Using the following key to identify the multiplier for the orders of magnitude. 1. o(one) = 1 2. h(undred)=100 3. k(thousand)=1000 4. m(million)=1000000 5. b(billion)=1000000000
property$PROPDMGEXP <- as.character(property$PROPDMGEXP)
property$CROPDMGEXP <- as.character(property$CROPDMGEXP)
property$PROPDMGMLT <- 0
property$CROPDMGMLT <- 0
property$PROPDMGMLT[grepl("h", property$PROPDMGEXP,ignore.case = TRUE)]<-100
property$PROPDMGMLT[grepl("k", property$PROPDMGEXP,ignore.case = TRUE)]<-1000
property$PROPDMGMLT[grepl("m", property$PROPDMGEXP,ignore.case = TRUE)]<-1000000
property$PROPDMGMLT[grepl("b", property$PROPDMGEXP,ignore.case = TRUE)]<-1000000000
property$PROPDMGMLT[grepl("o", property$PROPDMGEXP,ignore.case = TRUE)]<-1
property$CROPDMGMLT[grepl("k", property$CROPDMGEXP,ignore.case = TRUE)]<-1000
property$CROPDMGMLT[grepl("m", property$CROPDMGEXP,ignore.case = TRUE)]<-1000000
property$CROPDMGMLT[grepl("b", property$CROPDMGEXP,ignore.case = TRUE)]<-1000000000
property$CROPDMGMLT[grepl("o", property$CROPDMGEXP,ignore.case = TRUE)]<-1
property$PROPDMG <- property$PROPDMG * property$PROPDMGMLT
property$CROPDMG <- property$CROPDMG * property$CROPDMGMLT
property$total <- property$PROPDMG + property$CROPDMG
Now that everything is clean we will beign to analyze the data to answer our two goals for looking at this dataset
health.totals <- aggregate(cbind(FATALITIES,INJURIES) ~ EVTYPE, data = health, sum, na.rm=TRUE)
health.totals$TOTAL <- health.totals$FATALITIES + health.totals$INJURIES
health.totals <- health.totals[order(-health.totals$TOTAL), ]
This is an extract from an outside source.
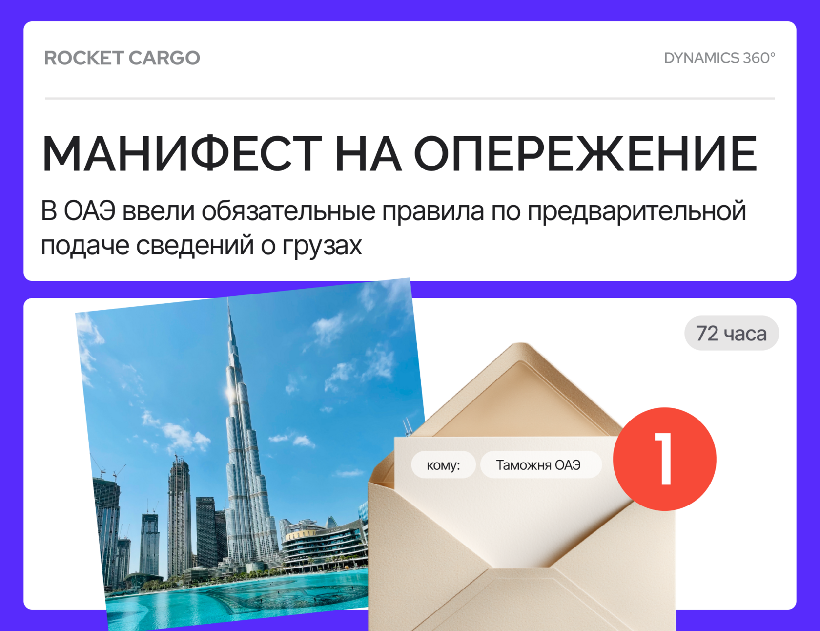 С 1 сентября ОАЭ постепенно внедряют обязательную подачу манифеста об импортируемом туда грузе. Причем информация о ввозимых товарах должна подаваться заранее. Компания Rocket Cargo постаралась разобраться, что это значит.

health.totals <- health.totals[1:25,]
plot(health.totals$EVTYPE,
as.matrix(t(health.totals[,c(-1,-4)])),
colors = c("dark blue","red"),
columns = c("Fatalities","Injuries"),
main = "Most Harmful Event Type in the United States")
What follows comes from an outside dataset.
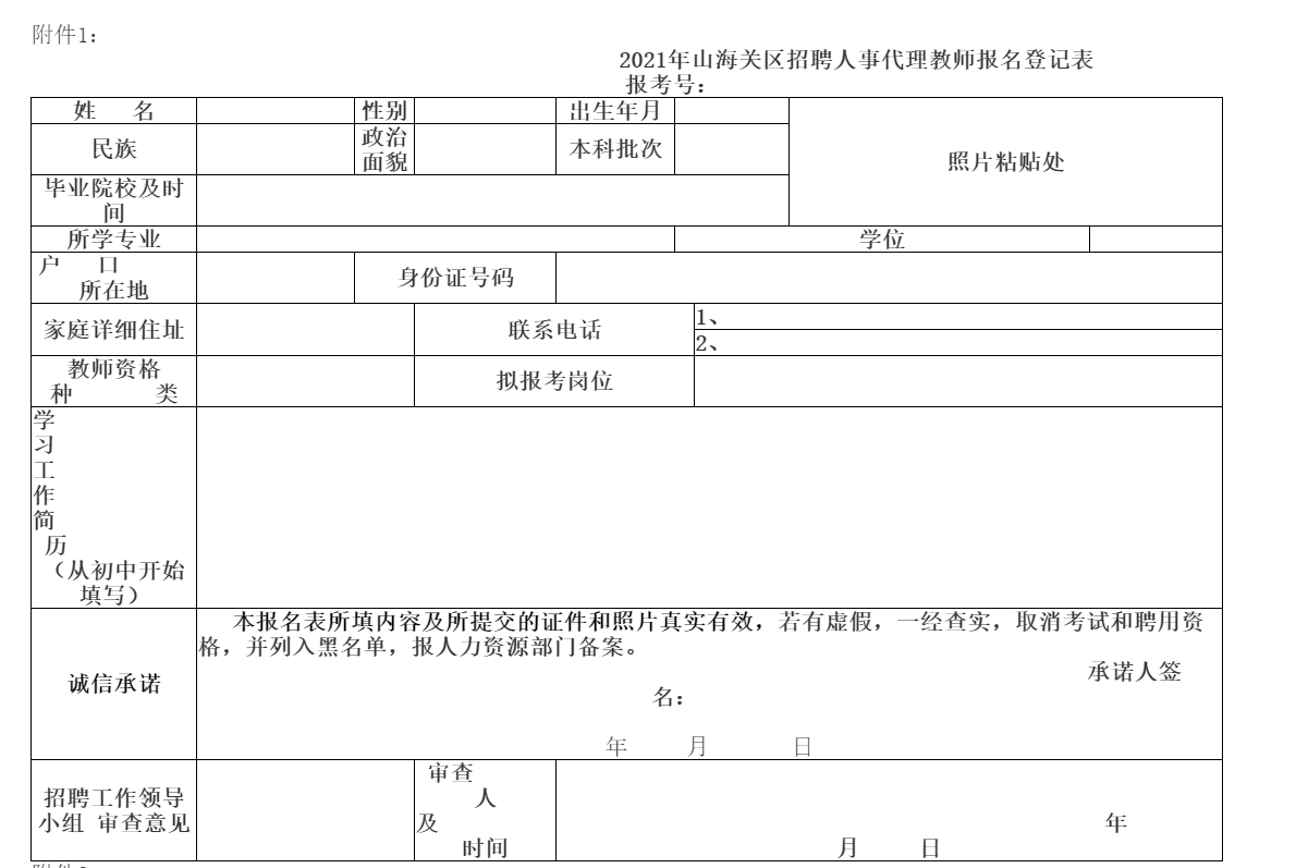 3.報名手續:符合條件人員報名時需攜帶畢業證及學信網在線查驗報告、報到證(或人才中心出具的檔案保管證明及報到證復印件)、戶口本、身份證、教師資格證書(已通過教師資格考試并現場確認、但未拿到教師資格證人員,可持筆試成績單和面試合格證明)(2021年畢業生已取得教師資格,教師資格證未下發的,需帶由所在學校出具的已考過的相應教師資格證明)等相關資料的原件和復印件(一份)、1寸近期免冠紅底彩色照片4張(2張貼在報名登記表上,2張做準考證用)。公辦學校教師報名時須持有本單位及其縣級教育主管部門同意的報考證明;民辦學校教師須出具本單位同意報考證明。報名表從山海關區人民政府網自行下載,報名時攜帶填好的《2021年山海關區公開招聘人事代理教師報名登記表》一式兩份。

It is easily said that tornado’s cause the largest weather-related risk to the overall population health. However, the averages of the events tell a different story about the most deadly single weather events. This will require additional research and analysis to properly identify which event has the worst outcomes for popluation health.
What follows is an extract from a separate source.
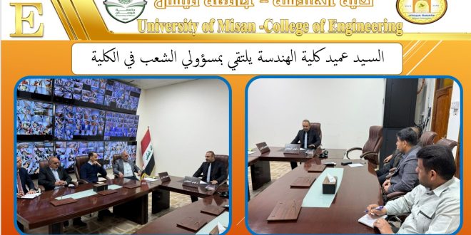استقبل السيد عميد كلية الهندسة الأستاذ الدكتور عباس عوده داود، رئيس لجنة تحديث المخطط الأساسي لموقع 110 دونم، في مكتبه صباح يوم الأحد الموافق 12/1/2025، السيد مساعد رئيس جامعة ميسان للشؤون الإدارية والمالية والقانونية، الأستاذ المساعد الدكتور محمد جبار تويه. جرى خلال اللقاء مناقشة تخصيص المساحات اللازمة لمواقف السيارات والأبنية …

We will begin to look at the Economic Impact of certain types of events. ### Economic Health Results
economic.total <- aggregate(cbind(PROPDMG,CROPDMG, total) ~ EVTYPE, data = property, sum, na.rm=TRUE)
economic.crop <- economic.total[order(-economic.total$CROPDMG), ]
economic.crop <- economic.crop[1:25,]
economic.prop <- economic.total[order(-economic.total$PROPDMG), ]
economic.prop <- economic.prop[1:25,]
plot(economic.prop$EVTYPE,
as.matrix(t(economic.prop[,c(-1,-3,-4)])),
colors = c("dark blue","red"),
columns = c("Property Damage"),
main = "Economic Impact of Weather on Propery Damage")
plot(economic.crop$EVTYPE,
as.matrix(t(economic.crop[,c(-1,-2,-4)])),
colors = c("dark blue","red"),
columns = c("Crop Damage"),
main = "Economic Impact of Weather on Crop Damage")
While drought has the largest impact on crops, it is easy to see that flooding produces the largest overall weather-related impact to the economy. With the cost fully associated with crop destruction is not in the scope of this analysis, futher research is required to determine the full economic impact of one of these weather related events.